— WORK ITEM —
In the data below, set down exactly the lines from the one containing "這也是卡爾第一次。F Bucherer 用鈦(相對于鋼)制造了它的" up to and including the one containing "As the sun sets, the". Leave the pictures out.

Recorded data
▬▬▬▬▬▬▬▬▬▬
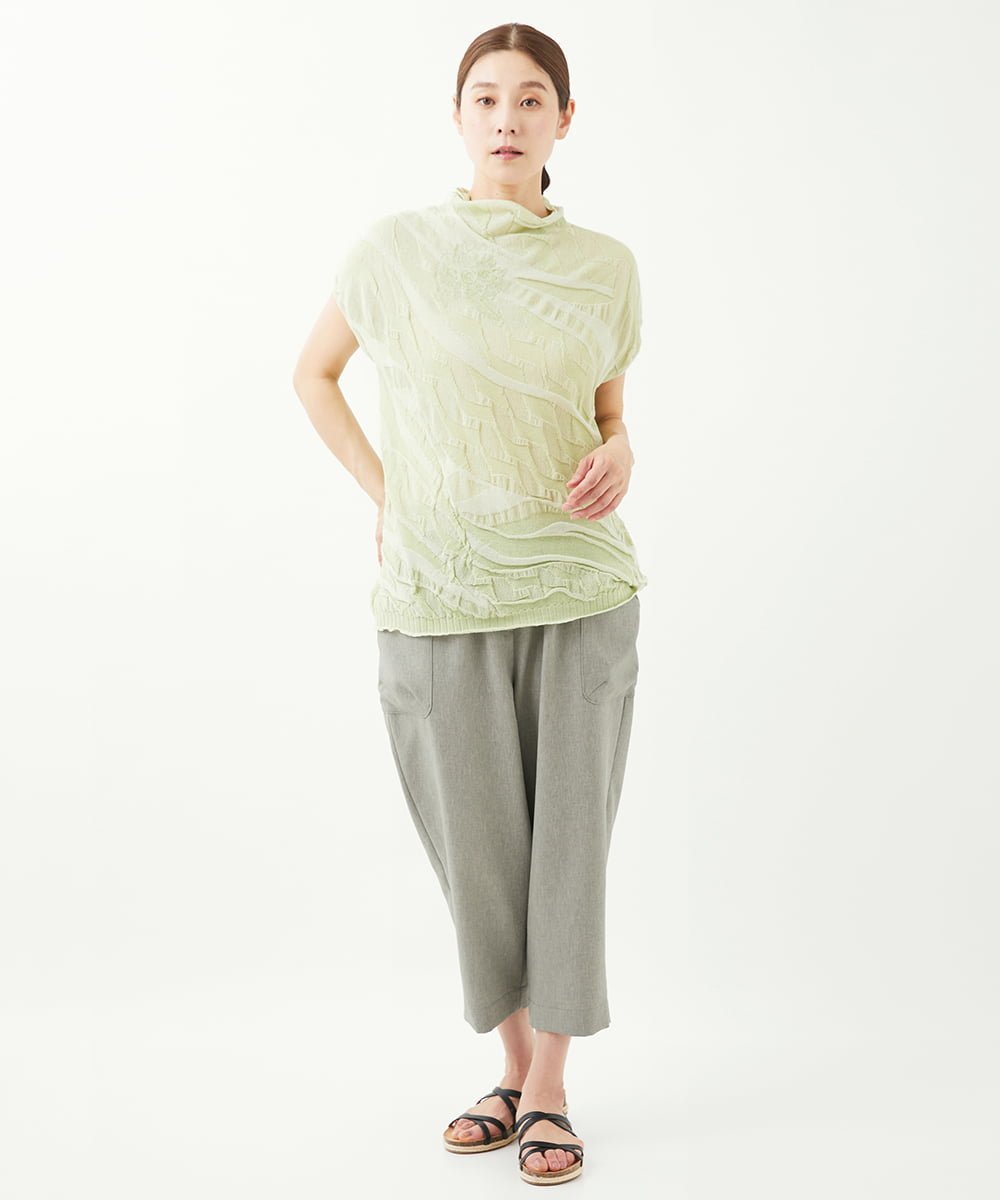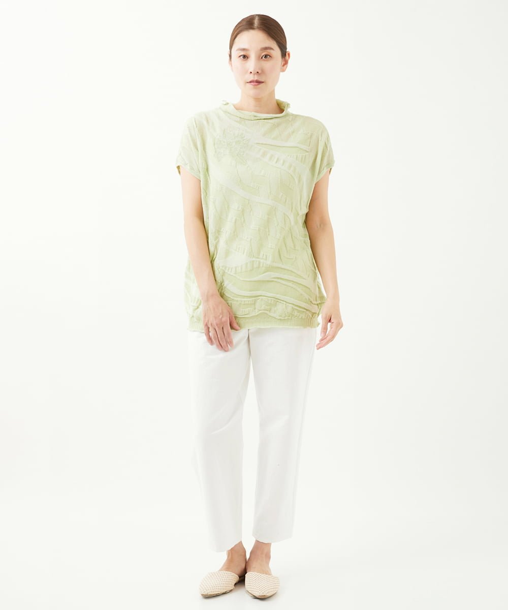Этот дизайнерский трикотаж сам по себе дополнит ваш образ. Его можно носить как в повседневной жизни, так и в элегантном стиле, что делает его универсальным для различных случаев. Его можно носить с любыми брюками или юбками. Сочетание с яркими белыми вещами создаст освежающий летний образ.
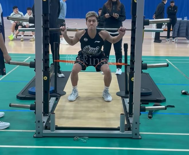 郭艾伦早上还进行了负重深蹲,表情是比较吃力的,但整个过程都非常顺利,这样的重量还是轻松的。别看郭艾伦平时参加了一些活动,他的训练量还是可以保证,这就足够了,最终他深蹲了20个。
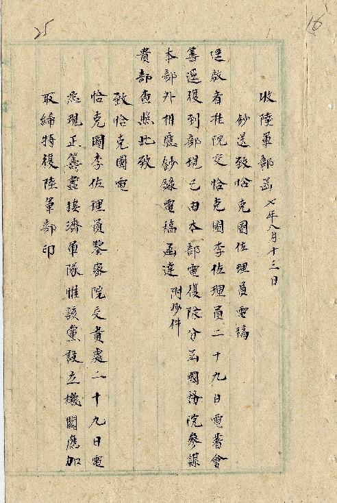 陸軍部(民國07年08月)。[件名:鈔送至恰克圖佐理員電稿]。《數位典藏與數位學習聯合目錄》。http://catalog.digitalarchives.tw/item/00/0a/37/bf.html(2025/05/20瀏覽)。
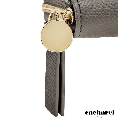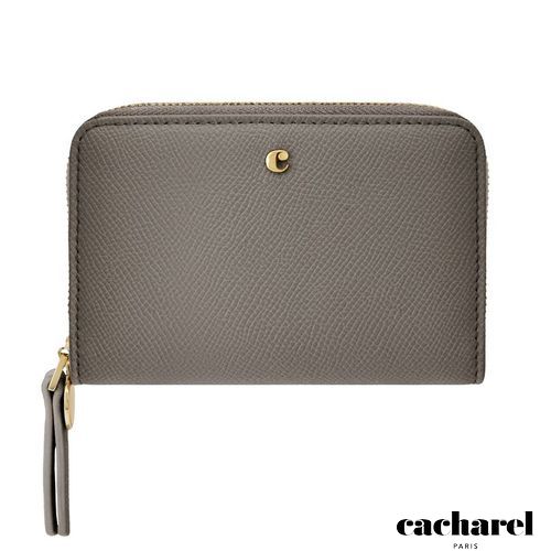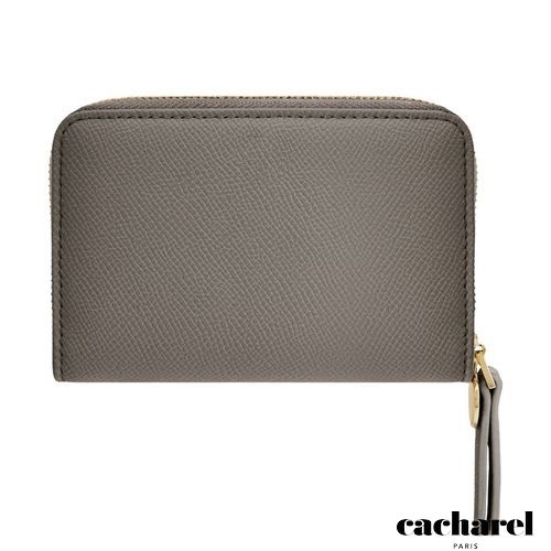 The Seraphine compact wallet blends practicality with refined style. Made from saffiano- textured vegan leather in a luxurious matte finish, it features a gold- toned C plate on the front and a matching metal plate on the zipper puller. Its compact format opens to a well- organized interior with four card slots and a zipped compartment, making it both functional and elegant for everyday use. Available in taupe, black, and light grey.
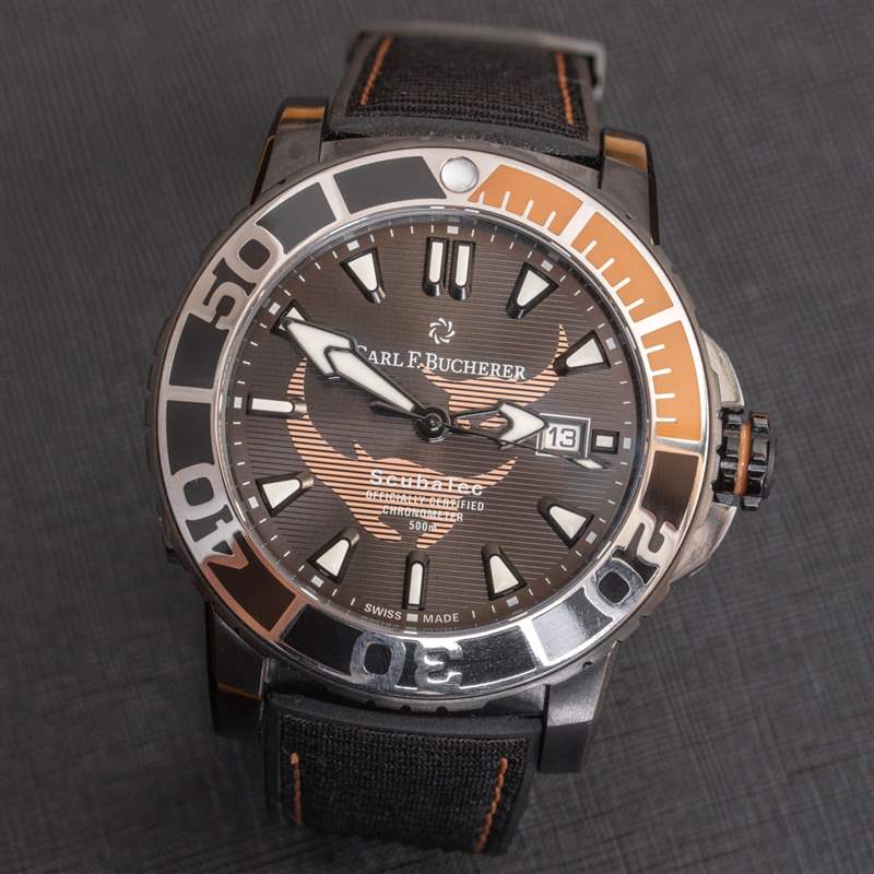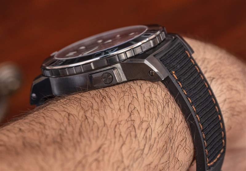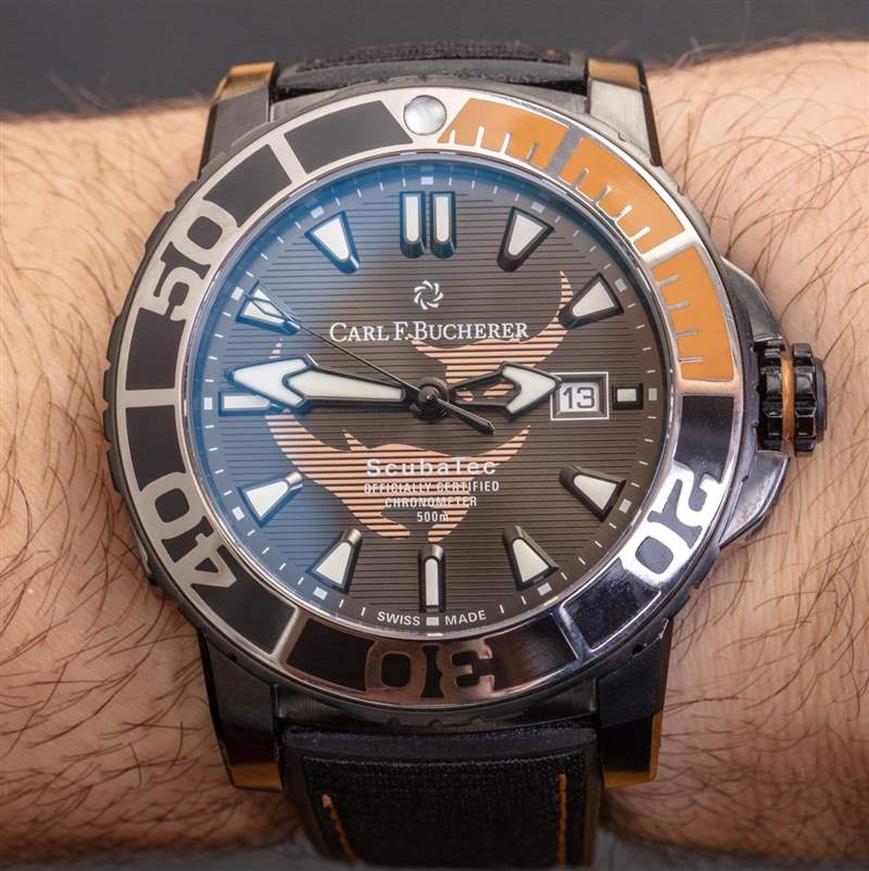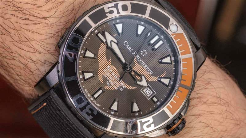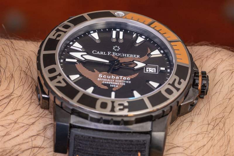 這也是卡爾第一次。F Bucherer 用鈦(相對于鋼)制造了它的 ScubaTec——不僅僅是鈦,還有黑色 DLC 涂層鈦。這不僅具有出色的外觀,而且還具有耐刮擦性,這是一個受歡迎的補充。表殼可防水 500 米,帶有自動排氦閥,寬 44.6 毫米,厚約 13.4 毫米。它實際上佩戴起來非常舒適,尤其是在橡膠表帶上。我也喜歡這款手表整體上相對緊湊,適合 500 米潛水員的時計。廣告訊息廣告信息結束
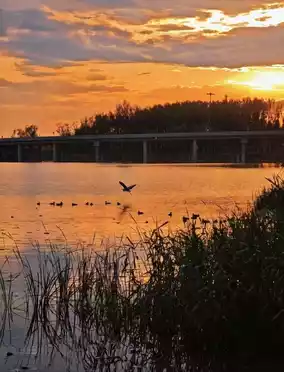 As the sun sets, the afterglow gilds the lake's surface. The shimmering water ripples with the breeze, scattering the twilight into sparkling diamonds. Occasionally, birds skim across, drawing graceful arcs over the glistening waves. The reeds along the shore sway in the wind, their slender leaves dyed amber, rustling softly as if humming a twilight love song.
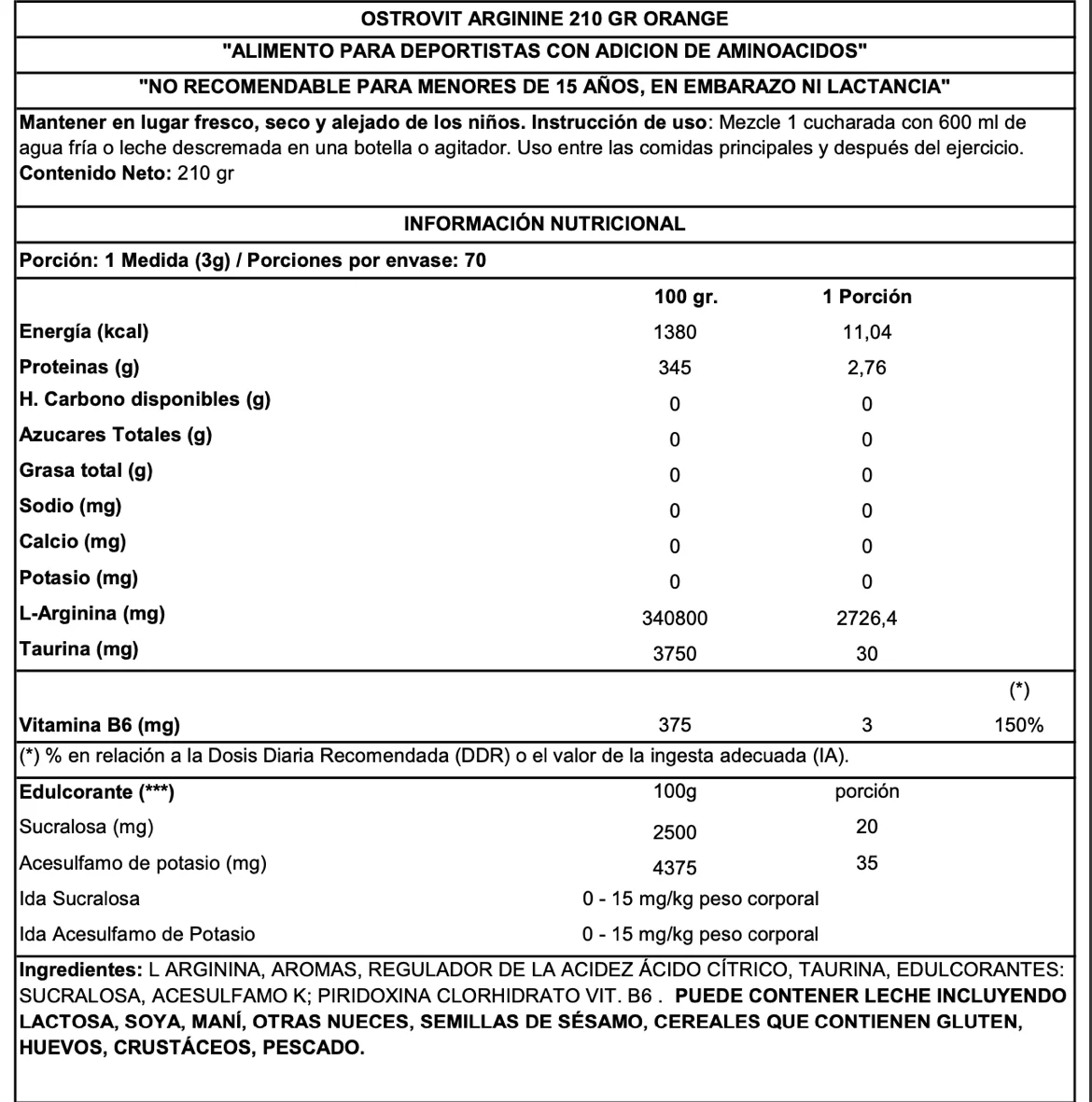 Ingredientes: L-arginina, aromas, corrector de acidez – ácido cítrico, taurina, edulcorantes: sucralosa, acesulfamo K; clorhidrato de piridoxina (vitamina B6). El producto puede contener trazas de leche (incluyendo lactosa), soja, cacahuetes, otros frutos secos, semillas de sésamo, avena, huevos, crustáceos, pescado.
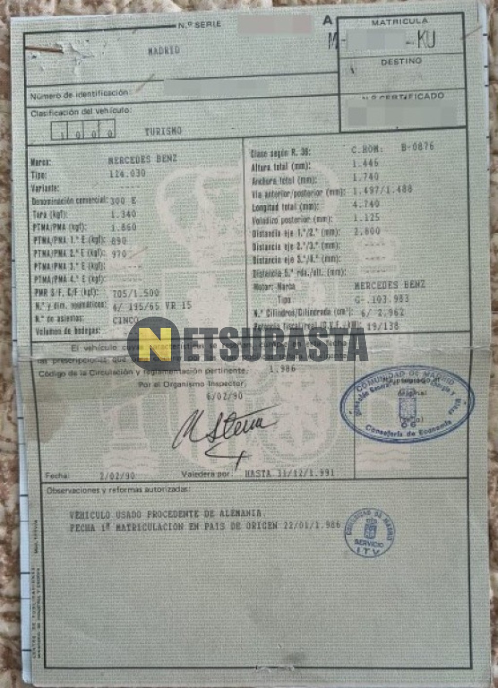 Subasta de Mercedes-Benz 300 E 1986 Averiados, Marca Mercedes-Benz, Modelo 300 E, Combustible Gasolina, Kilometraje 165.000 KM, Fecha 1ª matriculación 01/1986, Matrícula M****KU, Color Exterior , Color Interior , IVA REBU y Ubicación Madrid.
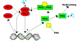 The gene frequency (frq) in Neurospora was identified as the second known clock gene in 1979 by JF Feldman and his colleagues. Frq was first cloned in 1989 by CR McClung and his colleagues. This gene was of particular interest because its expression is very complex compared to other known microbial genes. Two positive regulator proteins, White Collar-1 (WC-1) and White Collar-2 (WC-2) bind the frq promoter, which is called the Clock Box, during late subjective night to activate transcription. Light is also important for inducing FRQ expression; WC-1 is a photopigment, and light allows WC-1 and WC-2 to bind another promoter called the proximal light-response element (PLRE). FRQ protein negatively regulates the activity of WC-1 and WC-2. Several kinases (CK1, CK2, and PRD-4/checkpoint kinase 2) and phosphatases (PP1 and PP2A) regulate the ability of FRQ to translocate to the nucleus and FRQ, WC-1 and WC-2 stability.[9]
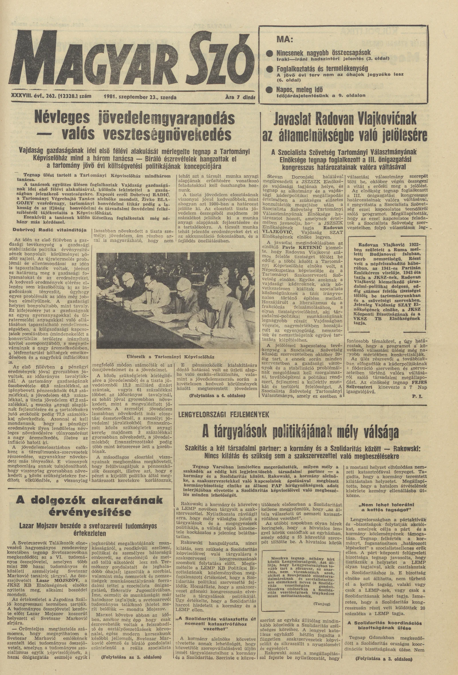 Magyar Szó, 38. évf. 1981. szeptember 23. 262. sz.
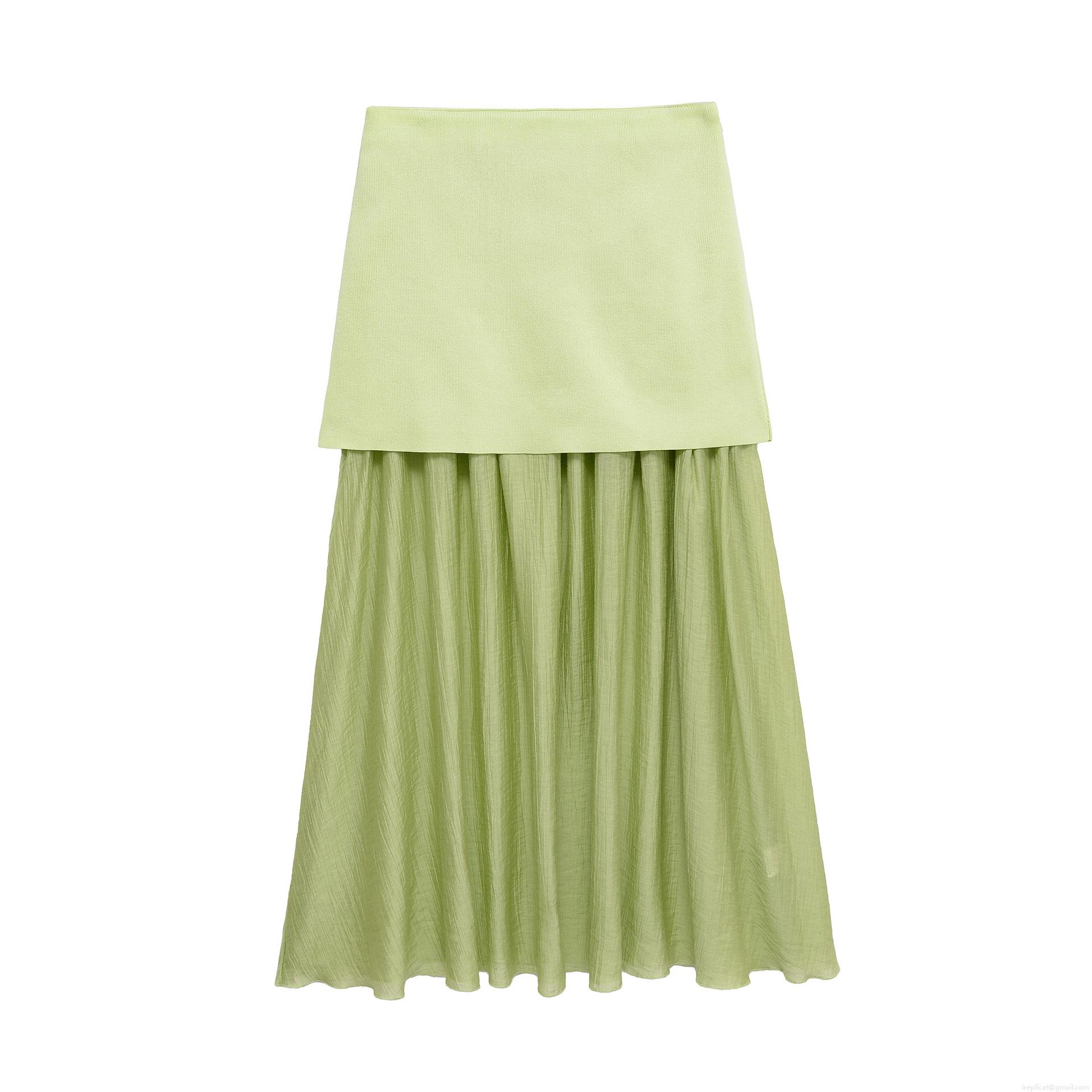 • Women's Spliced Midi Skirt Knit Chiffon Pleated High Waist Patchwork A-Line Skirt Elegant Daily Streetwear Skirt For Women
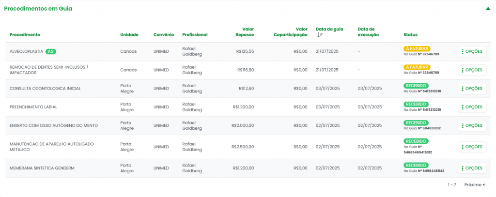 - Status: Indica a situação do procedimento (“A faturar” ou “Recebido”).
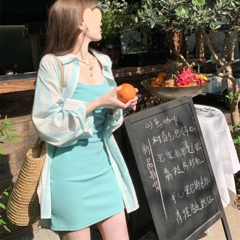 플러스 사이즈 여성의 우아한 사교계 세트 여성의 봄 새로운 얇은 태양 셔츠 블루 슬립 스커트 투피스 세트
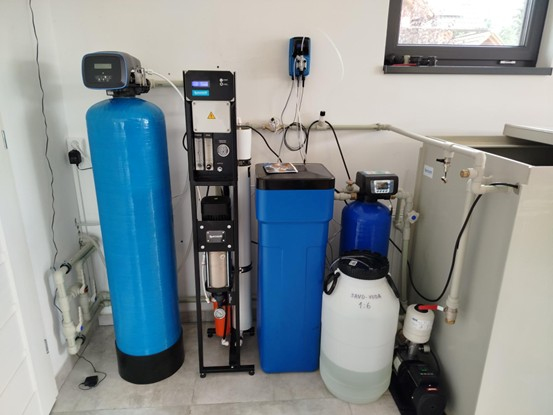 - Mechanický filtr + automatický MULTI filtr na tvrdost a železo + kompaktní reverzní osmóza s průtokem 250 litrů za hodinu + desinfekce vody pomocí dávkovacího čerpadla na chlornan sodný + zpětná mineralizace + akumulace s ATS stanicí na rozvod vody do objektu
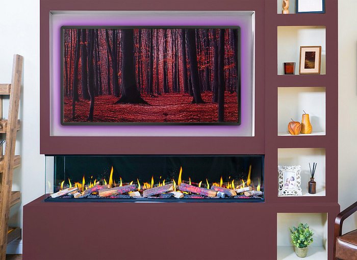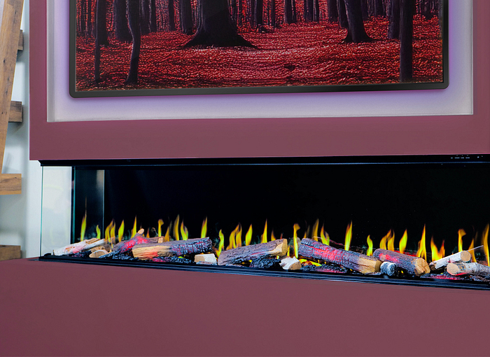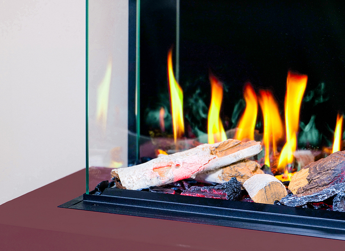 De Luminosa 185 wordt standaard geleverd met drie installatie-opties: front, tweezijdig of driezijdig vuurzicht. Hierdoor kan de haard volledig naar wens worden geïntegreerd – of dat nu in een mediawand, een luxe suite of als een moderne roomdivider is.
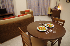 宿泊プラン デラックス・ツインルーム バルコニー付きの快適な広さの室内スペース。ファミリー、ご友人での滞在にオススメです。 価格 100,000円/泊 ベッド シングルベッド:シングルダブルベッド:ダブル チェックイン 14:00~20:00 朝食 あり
▬▬▬▬▬▬▬▬▬▬
— YOUR RESPONSE —
 這也是卡爾第一次。F Bucherer 用鈦(相對于鋼)制造了它的 ScubaTec——不僅僅是鈦,還有黑色 DLC 涂層鈦。這不僅具有出色的外觀,而且還具有耐刮擦性,這是一個受歡迎的補充。表殼可防水 500 米,帶有自動排氦閥,寬 44.6 毫米,厚約 13.4 毫米。它實際上佩戴起來非常舒適,尤其是在橡膠表帶上。我也喜歡這款手表整體上相對緊湊,適合 500 米潛水員的時計。廣告訊息廣告信息結束
 As the sun sets, the afterglow gilds the lake's surface. The shimmering water ripples with the breeze, scattering the twilight into sparkling diamonds. Occasionally, birds skim across, drawing graceful arcs over the glistening waves. The reeds along the shore sway in the wind, their slender leaves dyed amber, rustling softly as if humming a twilight love song.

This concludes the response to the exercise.